Les députés républicains n’ont pas l’apanage de la mauvaise foi en politique... mais en affirmant que le gouvernement souhaite supprimer le quotient familial, ils ont largement déformé la réalité. Car dans le débat sur une éventuelle refonte de la politique familiale, l’exécutif n’a rien proposé de tel. 


C’est un député de la majorité, Guillaume Chiche, qui suggère dans un rapport parlementaire de fusionner deux dispositifs d’aides, à savoir le quotient familial et le versement des allocations familiales. Il ne s’agit donc pas de supprimer de manière pure et simple le quotient familial mais plutôt de le remplacer par un nouveau mécanisme que le député LaREM veut à la fois "plus efficace et plus simple" que la juxtaposition des deux dispositifs existants. 


Guillaume Chiche part d’un constat simple : si le versement des allocations familiales est universel pour toutes les familles à partir du 2e enfant, ce n’est pas le cas du quotient familial, puisqu’il se concentre uniquement sur les foyers imposables.
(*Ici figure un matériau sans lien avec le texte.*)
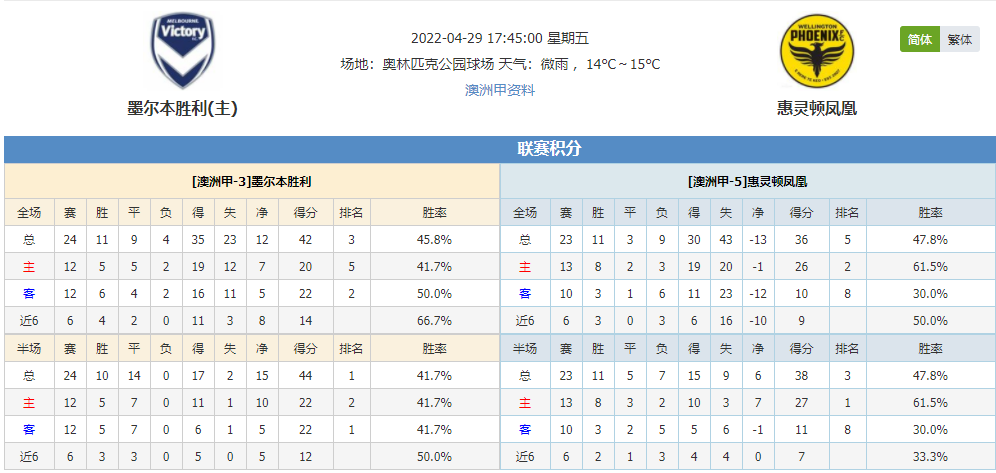 墨尔本胜利本赛季澳洲甲成绩11胜9平4负,积分42,排名第3;惠灵顿凤凰本赛季澳洲甲成绩11胜3平9负,积分36,排名第5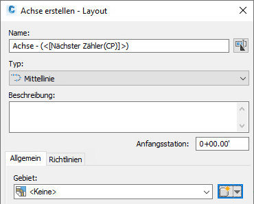 Wenn Sie in den Dialogfeldern Achse erstellen oder Achse erstellen - Aus Polylinie eine Achse erstellen, wird standardmäßig eine Achse ohne festgelegtes Gebiet (<Keine>) erstellt (siehe Abbildung 2).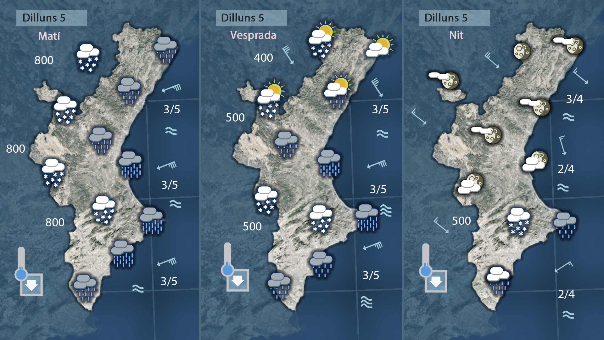 El sud continuarà sent la zona més castigada per la pluja, sobretot fins a migdia. A partir de la vesprada i nit, les precipitacions quedaran pràcticament restringides al sud del territori. La neu quedarà reservada a les serres per damunt dels 800-900 metres. Dimarts encara podria quedar algun ruixat residual de matí, però el fred i el vent seran els protagonistes. Dimecres, situació semblant.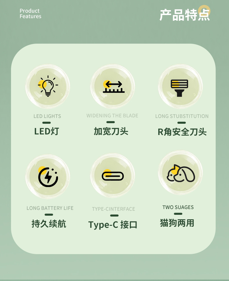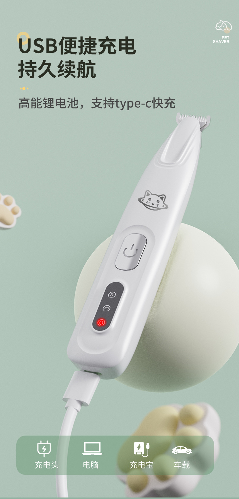猫咪狗狗宽头剃脚毛器可照明宠物理发修毛电动推子清洁工具剃毛器
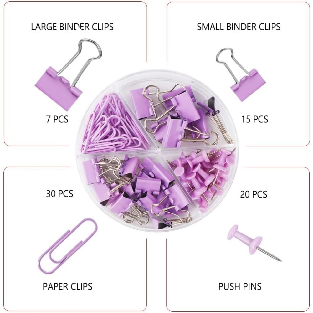 Crafted with durable, rust-resistant metal and coated in a vivid purple hue, these clips are both strong and stylish. From classrooms to corporate cubicles, this set is perfect for keeping everything neat, tidy, and totally you.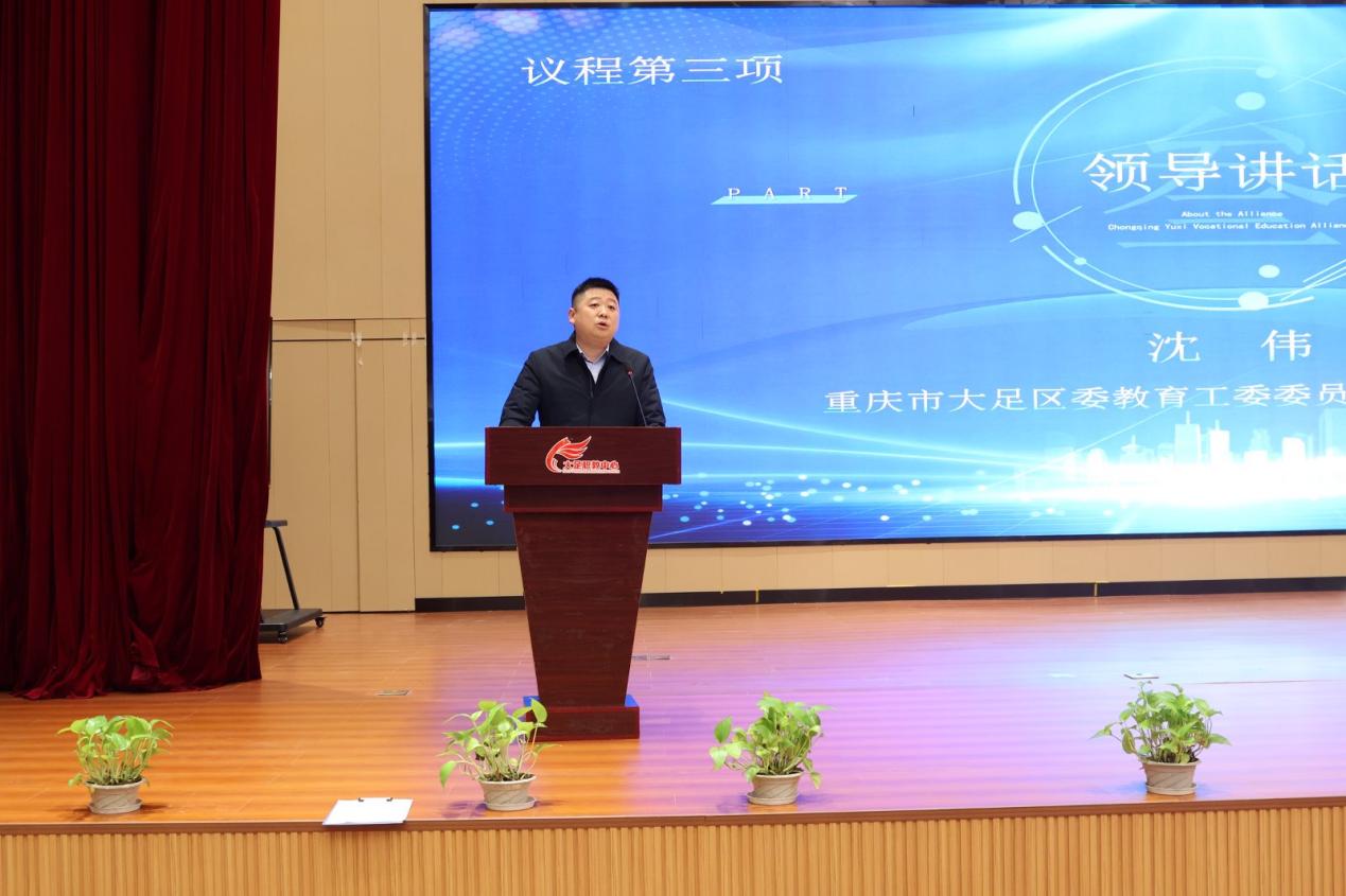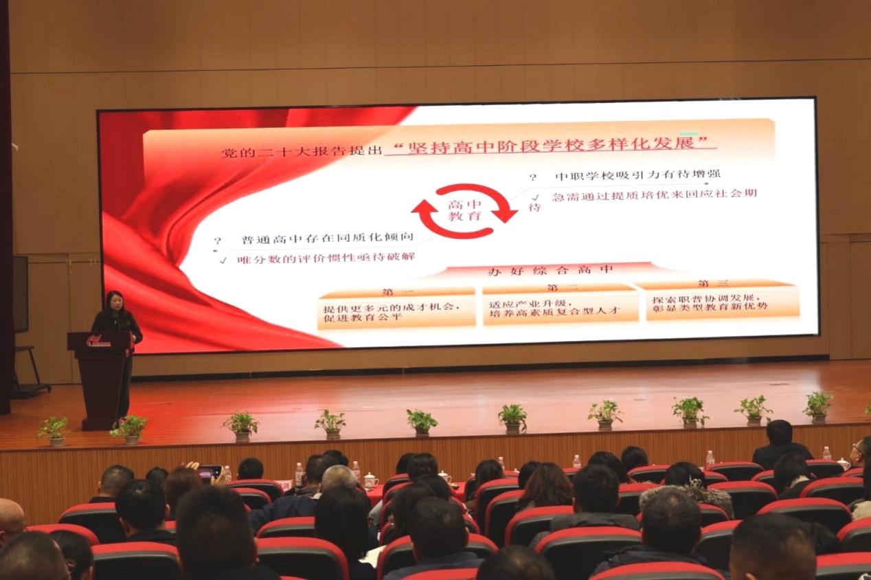 二是领导讲话。沈伟同志代表大足区教委发表讲话。讲话指出,综合高中是衔接职业教育与普通教育的重要载体,对优化教育结构、满足学生多元发展需求具有关键意义。各学校要立足区域产业发展与学生成长需求,深化教育教学改革,加强师资队伍建设,完善课程体系构建,推动综合高中教育提质增效,为地方培养更多高素质复合型人才。

D’autant qu’en plus d’écarter les foyers non-imposables de ce dispositif, les principaux bénéficiaires sont avant tout les foyers fiscaux les plus aisées.

Avant le plafonnement du quotient familial lors du précédent quinquennat, les foyers fiscaux appartenant au dernier décile de revenu fiscal de référence, (c’est-à-dire les 10% des foyers fiscaux les plus aisés) bénéficiaient d’environ 30% des 12 milliards d’euros que coûte le quotient familial.


Aujourd’hui, ce bénéfice est moins important même si, d’après la Direction de la Sécurité sociale, les trois derniers déciles de revenus (c’est-à-dire les 30% de foyers fiscaux les plus aisées) concentrent à eux seuls près de la moitié du montant total du quotient familial.


Une injustice pour le député Guillaume Chiche qui rappelle dans le même temps qu’un enfant sur cinq vit sous le seuil de pauvreté en France. C’est pourquoi il préconise de fusionner les allocations familiales et le quotient familial en créant une aide unique qui pourrait s’appeler la "protection sociale des familles". 

Mes propositions doivent bénéficier à deux catégories de populations prioritairement : les classes populaires et les classes moyennes Guillaume Chiche

Cette nouvelle allocation serait réellement universelle puisqu‘elle serait versée dès le 1er enfant mais surtout elle serait davantage modulée en fonction des revenus de la famille. En intégrant les 12 milliards d’euros du quotient familial dans le budget consacré aux allocations familiales, également de 12 milliards d’euros, cette enveloppe de 24 milliards d’euros permettrait ainsi d’augmenter sensiblement le montant de cette nouvelle allocation. Avec l’objectif assumé de cibler les familles modestes. "Mes propositions doivent bénéficier à deux catégories de population prioritairement : les classes populaires et les classes moyennes. Donc oui, dans le schéma que je présente, les plus riches vont contribuer davantage", indique Guillaume Chiche à LCI. 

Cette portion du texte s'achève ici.